Killing nice bucks on KS public land is doable, but it aint easy. I'm a resident and hunt public in NE part of the state and i hate hunting the rut. Is it the best time of year to see a big one? Yes. It' also the time when bow hunters are everywhere. It gets worse during rifle. If you're looking for an adventure with the possibility of shooting a big one then a KS DYI hunt is probably for you. If you're looking for a slam dunk hunt, better save $ and find a good outfitter.


----------



## crockett (Apr 6, 2008)

zap said:


> Sorry but that just doesnt sound right to me.
> Kansas deer hunting is hardly ruined.
> Gun season in december and only one buck bag limit.
> The three adjoining states known for deer hunting have 2 bucks bag limit, gun season during the rut, and less expensive OTC tags. Well one state actually has three bucks bag limit.
> ...


what marty said sounds right too me! 
i will let you in on a secret, if you can learn how too hunt kansas you will have a much better time next trip!
forget the "i got to be in the timber mentality"
the crp is where it's @!
there is a lot of it out there public and wiha!
bird hunters can be your best friend (everytime i here bowhunters mad @the birdhunters i laugh) and have put me on more big bucks then most outfitters could!
you need to learn too know what too look for and then you will be a seasoned kansas bowhunters.
i would tell you more but i don't want too start seeing any hunters other then the ones that drive by and think i must be bird hunting!lol


----------



## zap (Mar 13, 2008)

alphawolf said:


> Zap,
> 
> When you look at that Fall River area, that 9000+ acres is very deceiving. If I remember, over 2000+ is water (the lake and river), and a lot of the other acreage is crop land. Now I am not saying that there wasn't a place to hang a stand. However, when you look at all the guys you are trying to cram into a relatively small area, it's tough to get away from guys. And I do think we mistimed our hunt a bit. We hunted the 1st 2 weeks in Nov. I would have preferred the 2 weeks before Thanksgiving. But that is a moot point considering you're cramming all these people into essentially a long strip of woods less than 100 yards wide. Rut or no rut, if you run the does off, the bucks will follow. And again, I'm not saying that a nice buck could not have been shot or wasn't shot while we were there. When I talk to a biologist and he tells me that I may see a "few" guys and that the "pressure is nothing like you see in the east". All I can say is that he's never been to the east. I can go to areas in PA and WV bowhunting and never see another guy all season. There were plently of deer. I was seeking solitude as much as I was seeking a decent buck.





alphawolf said:


> Zap,
> 
> I checked back on the KDWP website and actual huntable ground was about 2,300 acres for Fall River. I'm just saying that the odds weren't with us. Considering we were out of state and had never been to the area, the last thing we needed was to deal with a crowd. Let me ask you this, would you like your odds better where every 100 yards or so you see a tree stand, a guy, or a sign that someone was recently hunting? Or do you think you'd do better in a spot that hasn't been disturbed all season? There were plently of deer in KS. And bigger ones than I'd ever hope to kill in my neck of the woods. There's no doubt that KS holds some tremendous bucks and has some beautiful country. I'm in no way trying to bash your state. I'm just saying that the public land was over run and tags should be limited. I'd rather wait 2 or 3 years for a quality hunt than be guaranteed a tag every year and fight the crowds. I'd be afraid to go back in that area in gun season. I talked to another local guy who told us that he and another local "race" to their parking spot every morning because they both knew a few big bucks were in the area. Who wants to fight that? I bet Lee and Tiffanty, the Drurys and Stan Potts don't have to deal with that. I guess it's all just personal preference and I was under the impression that Kansas was a little more vast that what it actually is, considering the relatively small timbered area and relatively small amount of public ground. Shame on me.

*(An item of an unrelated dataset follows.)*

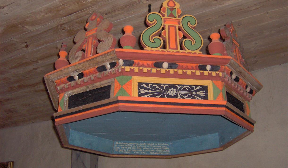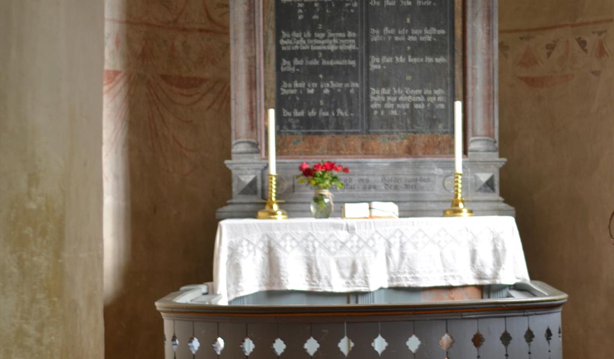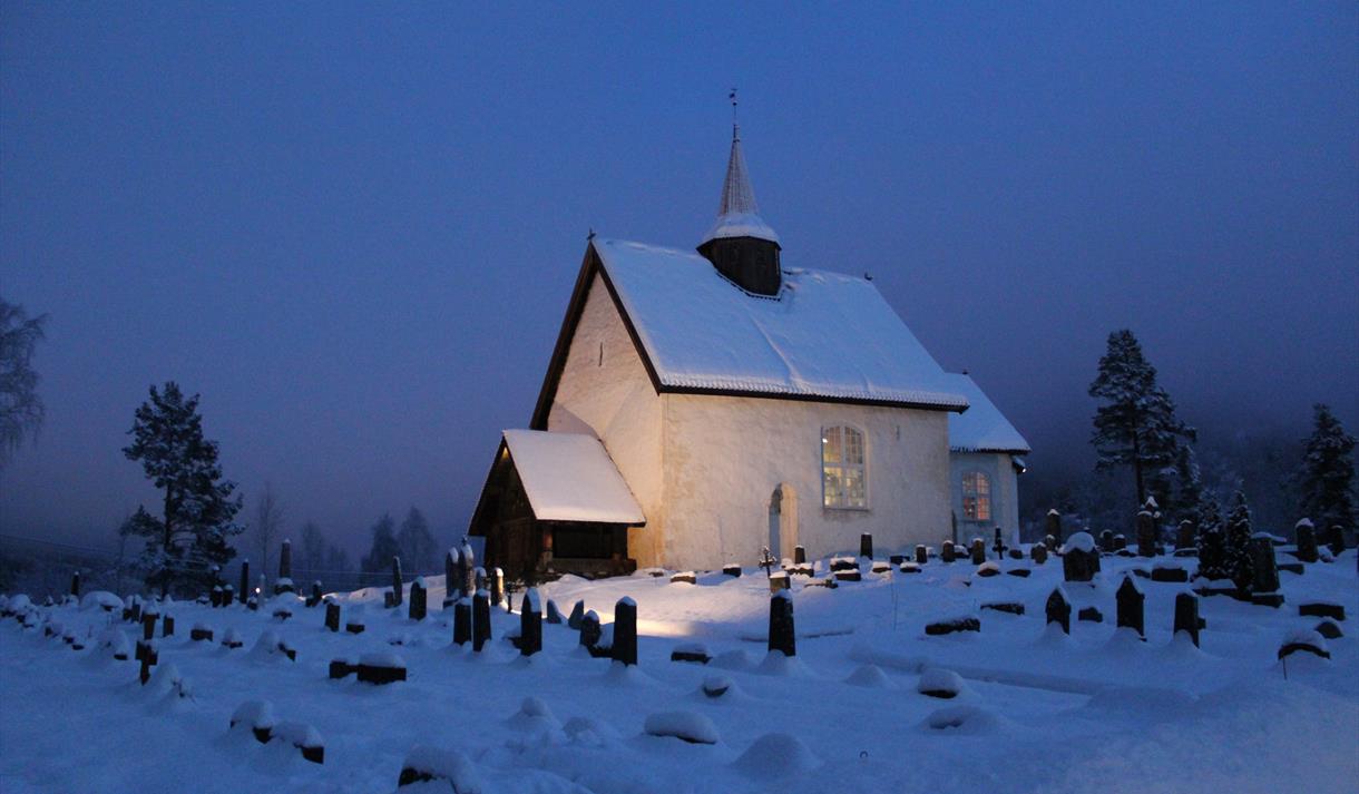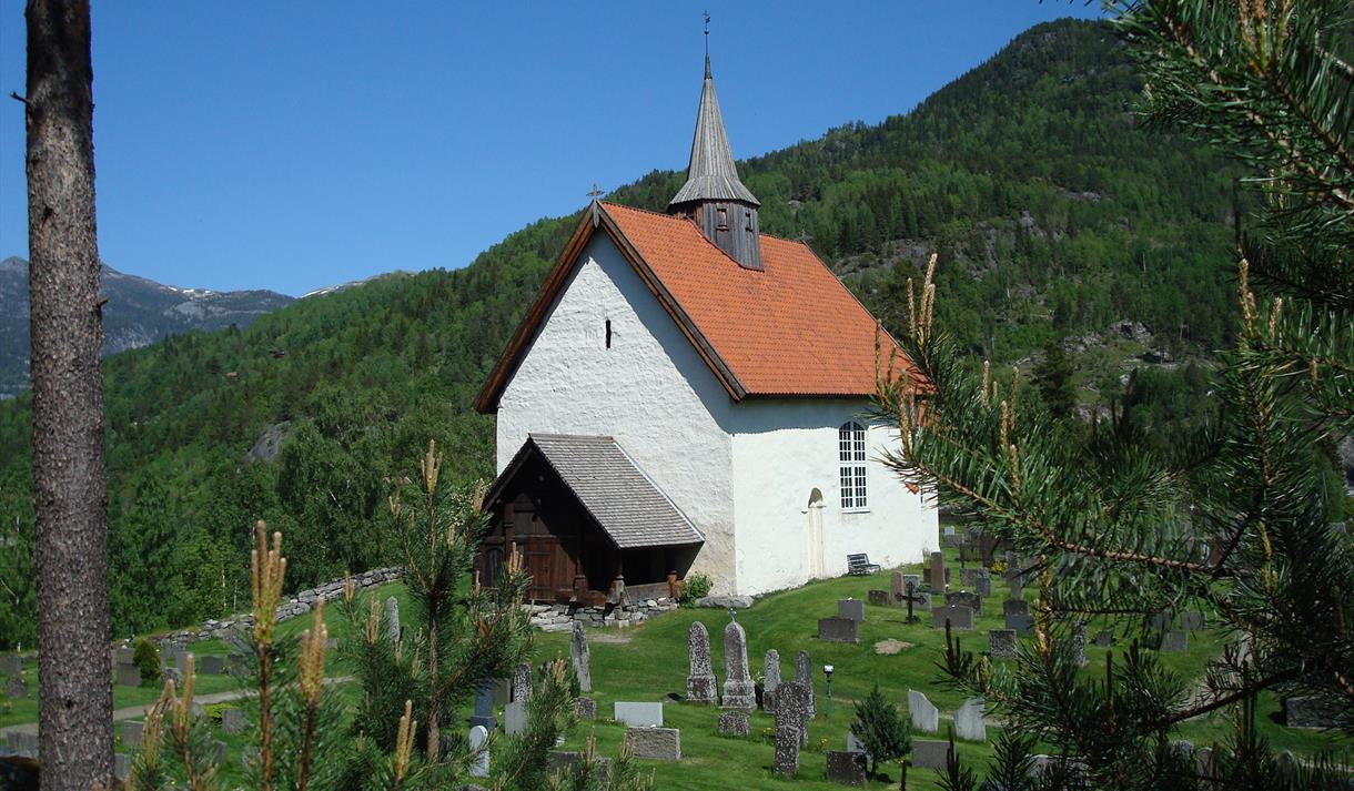 The church was built in the romanesque style at some time in the 12th century. It is dedicated to St Olav. On the north-west corner of the church a face has been hewn. This, according to legend, represents the saint king. Another legend says that the church was built by a goblin. When the building was complete the goblin fell to his death. To this day no grass grows on the spot where he fell. The church has an altarpiece from 1588 and a font from the 17th century. Under the direction of the Inspector of Ancient Monuments and Historic Buildings an extensive restoration was carried out which was completed in 1972.

I have never hunted Fall River, but if it is only a "100 yards wide strip of timber with a treestand every 100 yards". Why not go to another area.
Kansas tags are good for two units, I would think that somewhere in those units there is a good public hunting spot. But if you choose to go home a week early, you are not going to find them.
I know from my own experiance that it is possible.
I am tired of hearing that N/R's are ruining the deer hunting here.

Missouri has a three buck limit and OTC tags.
Nebraska has a two buck limit and OTC tags, same for Oklahoma.
ALL HAVE A RUT GUN SEASON.

KANSAS HAS ONE BUCK AND A MID DECEMBER GUN SEASON.
Hardly ruined.

marty


----------



## zap (Mar 13, 2008)

hntnksn said:


> well said J.
> 
> a little deer poop and a few small rubs don't always equal a 150+ buck.
> 
> i think someone is watching way too many DVD's and reading too many magazines.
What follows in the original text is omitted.